### What the task asks
Begin your transcription at the line containing "立体的なモチーフが映える、表情豊かなレーシーベスト。" and continue it, word for word, to the final line below. Include only those lines and skip the pictures.

### Supplied material
..............................

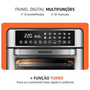 Fritadeira Air Fryer Forno Oven Digital Mondial AFO-25L-BI 25L com potência de 2000W (127V) ou 2200W (220V), painel digital, temperatura máxima de 220°C, timer de 90 minutos, revestimento antiaderente, luz interna e acabamento em inox.Porta-fio
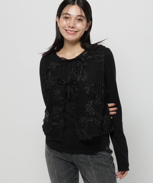 立体的なモチーフが映える、表情豊かなレーシーベスト。
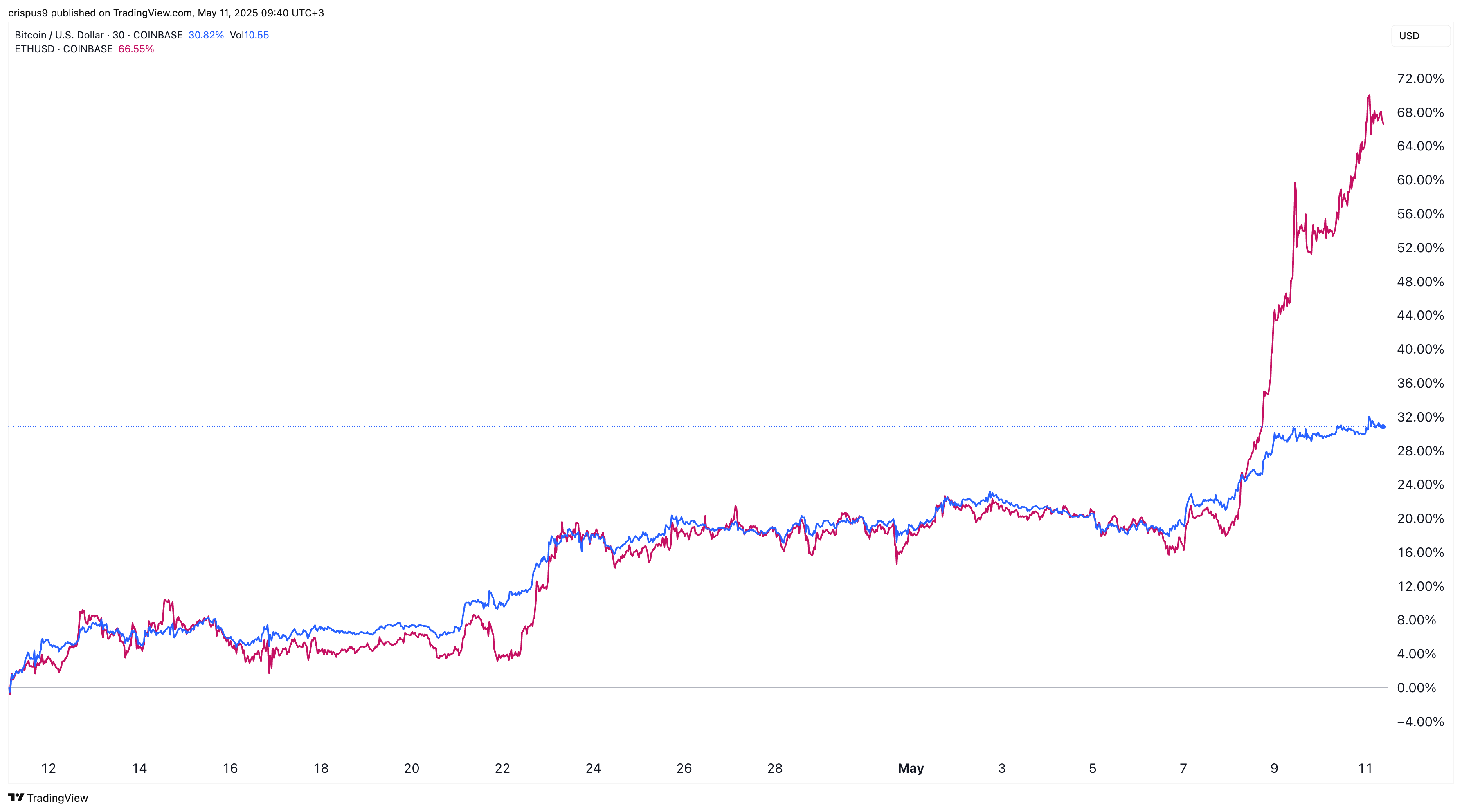 Bitcoin (BTC) cruised above $104,000 and is near the all-time high. Similarly, Ethereum (ETH) ended its consolidation and short-squeezed from $1,800 to $2,500. Other altcoins also soared, bringing the total market cap of all coins to over $3.2 trillion.

..............................

### Completed task
 立体的なモチーフが映える、表情豊かなレーシーベスト。
 Bitcoin (BTC) cruised above $104,000 and is near the all-time high. Similarly, Ethereum (ETH) ended its consolidation and short-squeezed from $1,800 to $2,500. Other altcoins also soared, bringing the total market cap of all coins to over $3.2 trillion.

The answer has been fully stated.